> Exercise instructions
Of the entries below, return only those lines from the line with "The chief ingredients" to the line with "[바이이에르] 리본 실버(W) 트위스트 원터치 귀걸이 (WHITE)", exactly, both included.

> Dataset entries
_ _ _
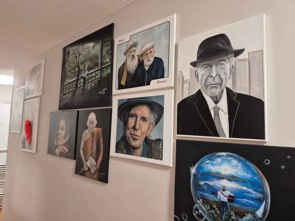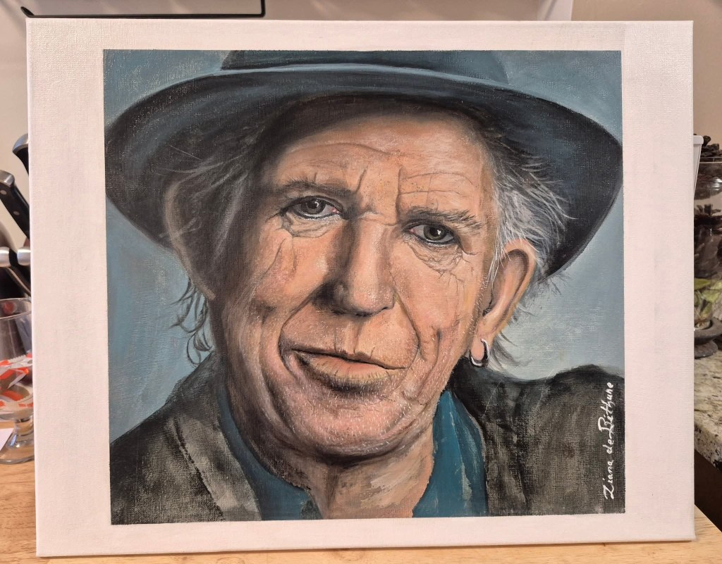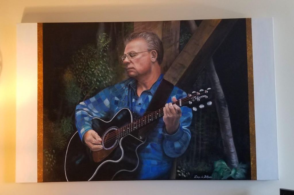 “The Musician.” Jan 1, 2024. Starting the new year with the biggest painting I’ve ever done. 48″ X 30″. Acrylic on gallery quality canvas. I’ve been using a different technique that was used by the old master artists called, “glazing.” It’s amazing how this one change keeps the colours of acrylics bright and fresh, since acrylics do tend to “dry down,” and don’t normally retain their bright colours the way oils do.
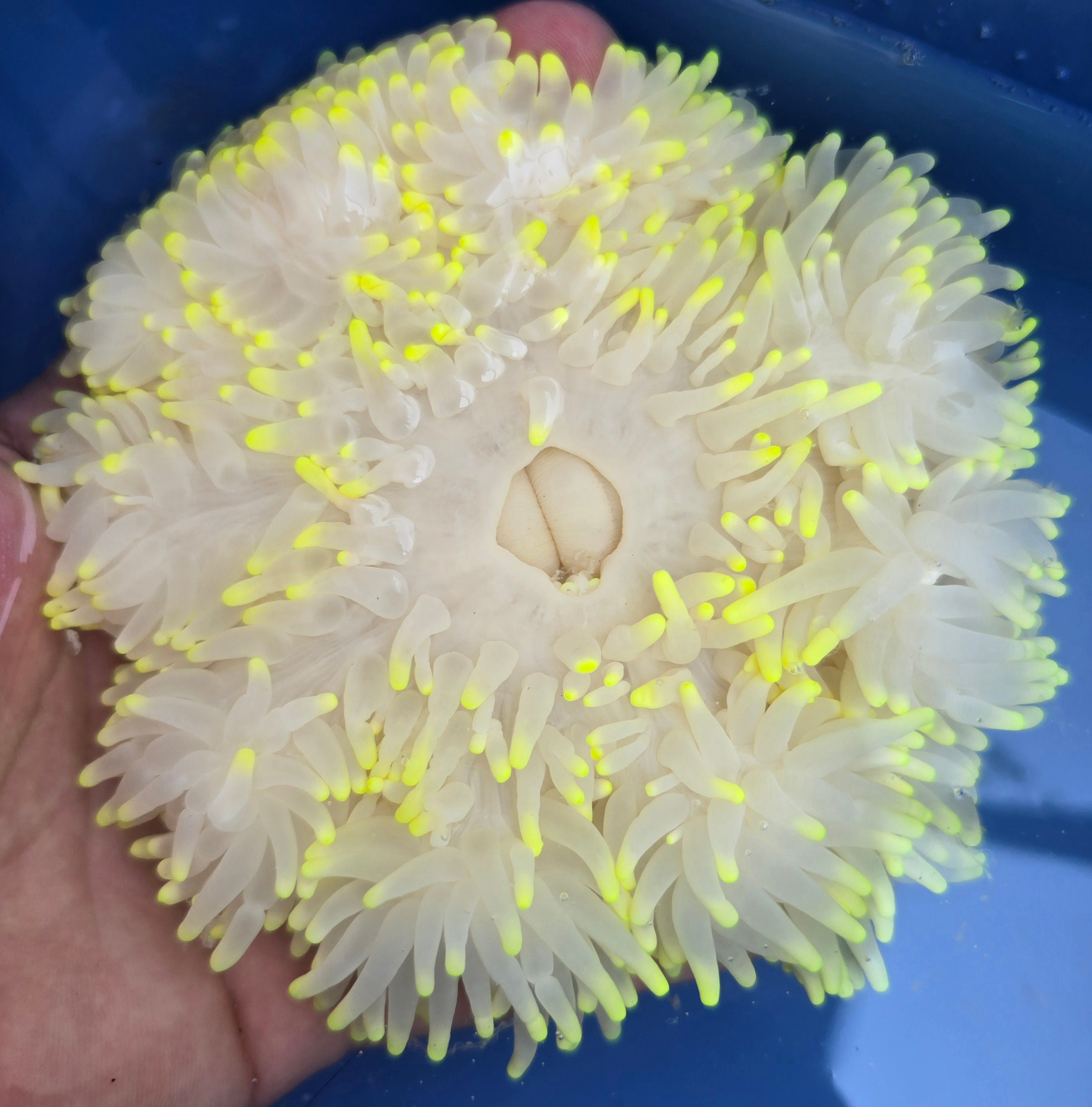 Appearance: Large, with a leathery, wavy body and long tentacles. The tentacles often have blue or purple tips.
_ _ _
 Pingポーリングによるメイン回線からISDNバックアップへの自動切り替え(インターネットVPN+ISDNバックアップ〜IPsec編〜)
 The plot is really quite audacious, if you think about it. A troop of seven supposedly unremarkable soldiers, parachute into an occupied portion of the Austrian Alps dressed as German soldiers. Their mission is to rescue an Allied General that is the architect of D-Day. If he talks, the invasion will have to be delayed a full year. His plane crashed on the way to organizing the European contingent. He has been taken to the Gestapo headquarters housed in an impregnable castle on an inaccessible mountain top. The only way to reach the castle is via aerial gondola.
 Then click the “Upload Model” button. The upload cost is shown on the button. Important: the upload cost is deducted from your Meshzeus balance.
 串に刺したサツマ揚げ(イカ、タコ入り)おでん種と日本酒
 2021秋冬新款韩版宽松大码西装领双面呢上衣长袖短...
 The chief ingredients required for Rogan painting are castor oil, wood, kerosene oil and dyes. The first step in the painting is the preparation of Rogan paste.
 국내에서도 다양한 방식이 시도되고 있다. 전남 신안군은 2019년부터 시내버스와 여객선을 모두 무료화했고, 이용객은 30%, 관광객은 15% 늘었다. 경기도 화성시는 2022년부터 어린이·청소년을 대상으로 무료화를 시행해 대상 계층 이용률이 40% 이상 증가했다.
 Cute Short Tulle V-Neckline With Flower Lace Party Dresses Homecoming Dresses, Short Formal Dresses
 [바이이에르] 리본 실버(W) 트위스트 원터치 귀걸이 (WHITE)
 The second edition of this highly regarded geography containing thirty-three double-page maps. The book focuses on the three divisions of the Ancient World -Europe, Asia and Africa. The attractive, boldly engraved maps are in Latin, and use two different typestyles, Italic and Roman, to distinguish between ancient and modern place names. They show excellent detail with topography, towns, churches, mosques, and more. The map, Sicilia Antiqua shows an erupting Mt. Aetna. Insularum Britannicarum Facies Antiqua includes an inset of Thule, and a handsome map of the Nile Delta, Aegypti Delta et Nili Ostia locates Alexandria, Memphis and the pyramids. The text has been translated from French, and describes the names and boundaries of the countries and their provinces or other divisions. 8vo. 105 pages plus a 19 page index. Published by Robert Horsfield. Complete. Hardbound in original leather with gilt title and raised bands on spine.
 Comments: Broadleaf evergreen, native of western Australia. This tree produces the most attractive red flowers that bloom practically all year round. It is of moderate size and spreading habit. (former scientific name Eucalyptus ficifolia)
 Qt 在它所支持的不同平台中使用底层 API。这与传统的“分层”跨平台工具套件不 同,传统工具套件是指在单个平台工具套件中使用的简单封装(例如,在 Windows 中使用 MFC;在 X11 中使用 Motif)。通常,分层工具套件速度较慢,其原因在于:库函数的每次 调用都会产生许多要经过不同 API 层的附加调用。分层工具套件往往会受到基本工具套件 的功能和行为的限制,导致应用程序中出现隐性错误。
_ _ _
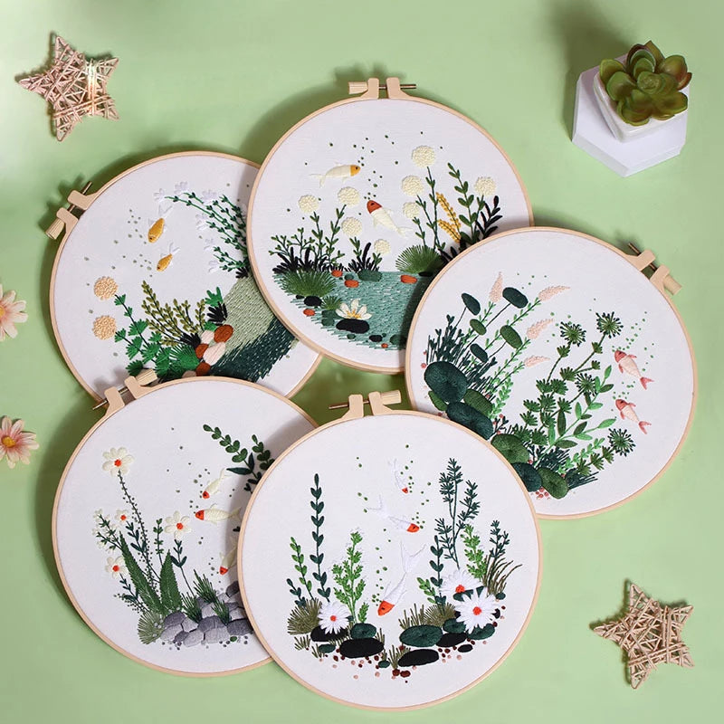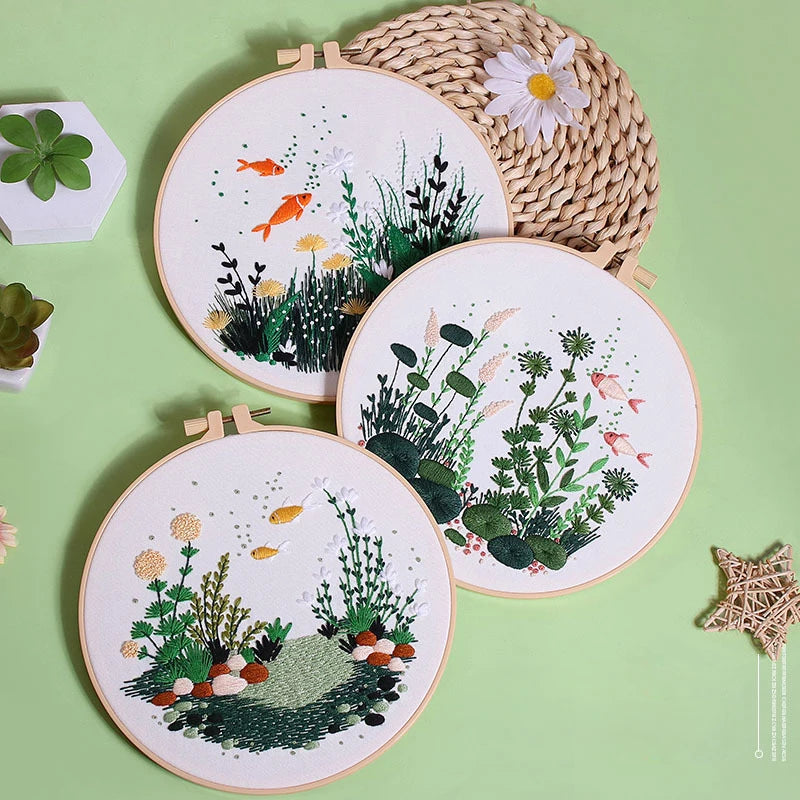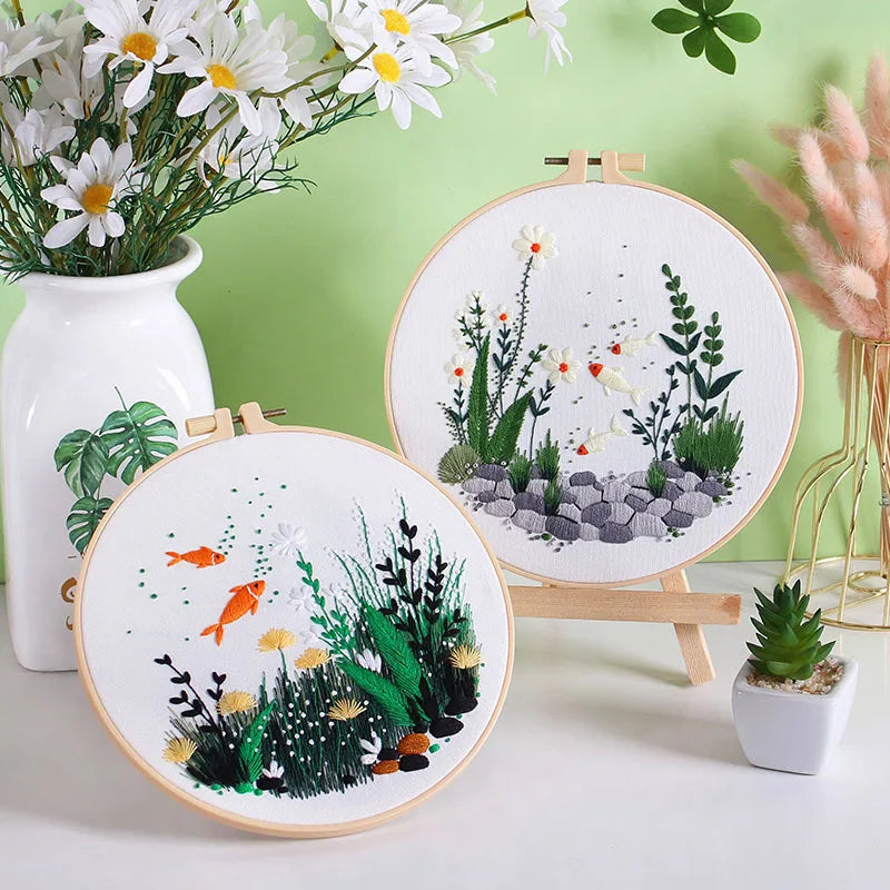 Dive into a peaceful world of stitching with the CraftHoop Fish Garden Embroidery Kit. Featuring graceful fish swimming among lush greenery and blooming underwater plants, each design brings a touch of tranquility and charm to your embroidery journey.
_ _ _
> Task answer
 The chief ingredients required for Rogan painting are castor oil, wood, kerosene oil and dyes. The first step in the painting is the preparation of Rogan paste.
 국내에서도 다양한 방식이 시도되고 있다. 전남 신안군은 2019년부터 시내버스와 여객선을 모두 무료화했고, 이용객은 30%, 관광객은 15% 늘었다. 경기도 화성시는 2022년부터 어린이·청소년을 대상으로 무료화를 시행해 대상 계층 이용률이 40% 이상 증가했다.
 Cute Short Tulle V-Neckline With Flower Lace Party Dresses Homecoming Dresses, Short Formal Dresses
 [바이이에르] 리본 실버(W) 트위스트 원터치 귀걸이 (WHITE)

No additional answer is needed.